Bapak KR menjelaskan bahwa selama KR berada di Rumah Sakit Ia dan Istrinya selalu menemaninya sampai KR pulang ke Rumahnya. Bapak KR juga
menambahkan saat di Rumah Sakit pendamping tidak menemani KR karena Ia berhalangan untuk mendampingi selama KR di Rumah Sakit. Hal tersebut juga di
benarkan oleh pendamping kepada peneliti”iya ayu, saya memang tidak menemani KR waktu di Rumah Sakit. Soalnya keluarga saya ada yang sakit. Jadi saya tidak bisa
menemani KR. Kasihan juga dia gak saya temani”.
Universitas Sumatera Utara
Peneliti melihat kondisi fisik KR terlihat sehat sekarang. Hal itu terlihat saat KR asik bermain dengan teman-temannya. KR berjalan dengan normal, berlari-
larian, dan melompat-lompat. Terlihat jauh perbedaan ketika KR masih mengalami kejadian itu. Menurut penuturan Bapak KR:
“Sekarang sudah mendingan si KR ini dek. Masih bisa dia jalan, main-main, lompat- lompat. Kalau dulu, jalan pun agak susah dia. Semenjak dia opname di Rumah Sakit
Bhayangkara itu lah, uda agak segar badannya bapak liat. Kasihan saya lihat KR. Sakit hati bapak kalau ingat kejadian itu”.

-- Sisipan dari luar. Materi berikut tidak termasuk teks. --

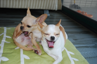 この日は他にこんな写真も撮れました。 シナモン、足食べてるの?(((;゜Д゜))) ラテのあくび顔ww シナモンはまだ足食べてます(-_-;) 変顔ばっかりじゃラテ&シナが可哀相なので 可愛い写真も載せておこうっと! この顔可愛いんじゃない?(親バカ) これもいいね~(さらに親バカ) でもこういう顔にやられてついおやつあげたりとか・・・(ダメじゃん) チワワって罪作りなんです(>o<)/ シナモンの写真は動き回るのでなかなか撮れませんが その中でも撮れたものを少し・・・。 しっぽフリフリ~♪ 目と鼻が黒豆みっつに見えません? シナモンの密かなニックネームは「黒豆」です(*≧m≦*) めずらしい大人っぽいお顔(?) 明日は病院へ抜糸に行く予定です☆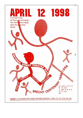 Many great artists have been featured and have worked on these posters. MF Hussain had designed the poster which was published in the year 2010, the theme of which was loneliness and love. The poster released in the year 1998 had a tribute to the German poet Bertolt Brecht, featuring his lines:

Berdasarkan dari observasi yang dilakukan oleh peneliti dapat disimpulkan bahwa rehabilitasi secara fisik untuk KR berdampak positif untuk kesehatannya.
Dengan adanya Rahabilitasi fisik yang dilakukan oleh Pemerintah, maka KR mampu untuk menjalani kehidupannya tanpa harus menderita sakit.